Home | About | Sematext search-lucene.com search-hadoop.com
NEW: Monitor These Apps!
elasticsearch, apache solr, apache hbase, hadoop, redis, casssandra, amazon cloudwatch, mysql, memcached, apache kafka, apache zookeeper, apache storm, ubuntu, centOS, red hat, debian, puppet labs, java, senseiDB
 Search Hadoop and all its subprojects:

Switch to Threaded View
Flume >> mail # user >> Flume Ng replaying events when the source is idle


Copy link to this message
-
Flume Ng replaying events when the source is idle
Hi Guys,

I'm using Flume-Ng and it is working pretty well except for a weird
situation which I observed lately.

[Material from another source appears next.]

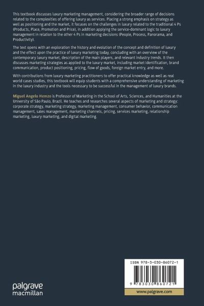 This textbook discusses luxury marketing management, considering the broader range of decisions related to the complexities of offering luxury as services. Placing a strong emphasis on strategy as well as positioning and the market, it focuses on the challenges in luxury related to the traditional 4 Ps (Products, Place, Promotion and Price), in addition applying the service-dominant logic to luxury management in relation to the other 4 Ps in marketing decisions (People, Process, Panorama, and Productivity).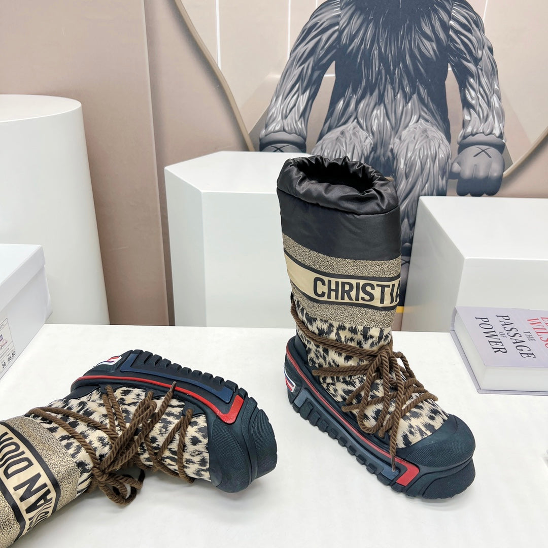 CD Platform Snow Boots Black Beige Cowhide Nylon Fabric 539655

In essence I'm using an exec source for
doing  tail -F on a logfile and using two HDFS sinks with a File channel.

However I have observed that when the source [ logfile of a jetty based
collector] is idle - that is no new events are pushed to the logFile,
FlumeNg seems to replay the same set of events.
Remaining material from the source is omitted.